Business valuation can be defined as the process and the set of well laid procedures used to estimate the economic value of an owner’s equity in a business. Valuation is applied by financial market participants to establish the price they are ready to pay or accept to affect the sale of a business. In- addition to approximating the selling price of a business, the same valuation tools can be used by business appraisers to solve rows associated with, divorce litigation, estate and gift taxation, establishing a formula for estimating the value of partner’s’ ownership interest for buy-sell agreements, allocating business purchase price among business assets and several other business and legal purposes for instance in divorce litigation, shareholders deadlock and estate contest. In various cases the court can decide to appoint a forensic accountant as a unifying expert in doing the business valuation.

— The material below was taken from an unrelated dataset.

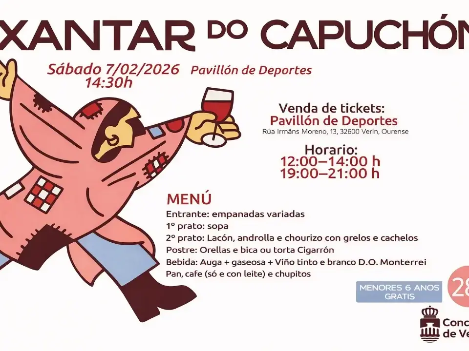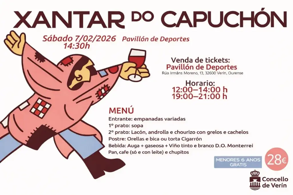29/01/2026 29/01/2026Categorías Cultura EntroidoO Xantar do Capuchón converterá o sábado 7 de febreiro nunha xornada de convivencia, gastronomía e “Entroido de día” en VerínAs entradas pódense adquirir no Pavillón Municipal de Deportes, en horario de 12:00 a 14:00 horas e de 19:00 a […]

Standards and premise of value
Before the value of the business can be estimated, the valuation assignment must stipulate the grounds for and circumstances surrounding the business valuation. These requirements are officially referred to as the business standard and premise of value. The standard of value is the theoretical situation under which the business is going to be valued. The premise of value relates to the assumptions such as the postulation that the business will continue forever in its present form or that the value of the business can be determined by the proceeds from the sale of all its assets minus the related debt sum of the parts or collection of business assets.
Standards of Value
- Fair market value – this is the value of a business enterprise agreed upon between a willing seller and a willing buyer both in full awareness of all the applicable facts and neither forced to finish off a transaction.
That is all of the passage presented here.